Crushed granite is a cheap landscape material that inserts custom patios. It is suitable for light traffic such as patios and walkways and even entrances. If your budget allows, you can insert it with stone plate, dress up with shapes in more expensive colors of granite or even mix it with painted concrete patterns. Installed correctly, it will withstand weeds and need only additional granite every two to six years.
Instructions
Design your patio and measure the total area. Explain four inches of decomposed or crushed granite and calculate the total volume in cubic meters. Buy just over this amount from a garden store or rock farm. Measure the perimeter of your patio to determine how much steel or plastic edge you need. Keep in mind that you do not need edge where your patio meets an impenetrable surface such as concrete or brick or the home base. Most edges come in pre-cut lengths, so collect so that you have enough. Buy enough weed cloth to cover the area of your patio plus 10 percent.
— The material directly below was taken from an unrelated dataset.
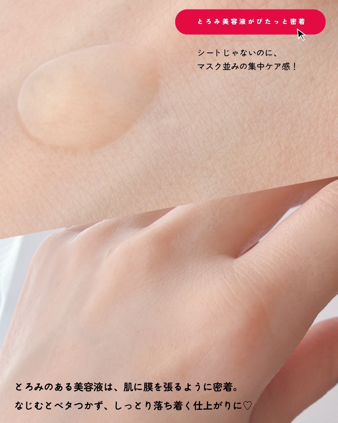 | 糸を引くくらい濃密で とろみのあるテクスチャー。 肌に膜がはったような密着感があり、 その後肌にすーっとなじんでベタつかない。 | 詳細を見る | |
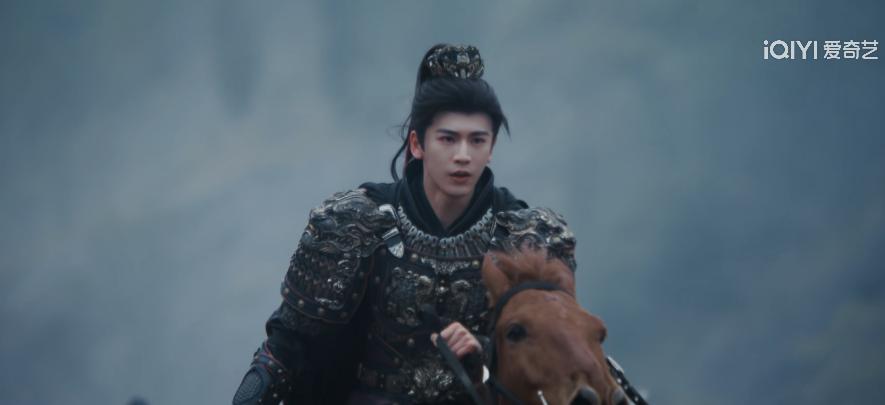 所以,对于营造浪漫爱叙事的古偶来说,少年将军主打的是青涩和纯情,要飘逸好看,追求的是仙气的美感和破碎感。他们会更加注重仪态和氛围感,突出帅和浪漫。哪怕在飞沙走石的战场上策马奔腾一通乱杀后,每一根头发丝也都要在它该在的位置,嘴唇饱满红润,连眼影都没有糊一下(暂且不论为什么将军会用眼影)。

Dig out four inches of soil from your patio. If you can, graduate to the center so that the water runs away from the center. This means that you can only dig three or three and a half inches in the center, grading down very gradually toward the edges of the patio to four inches deep. Keep the edges too, as this is where you will install the edge. Try to keep the top of the edging even. Most edges come with efforts to keep anchored in the ground. Wait until you have installed another two inches of crushed granite before installing the inserts on the outside of the patio edges.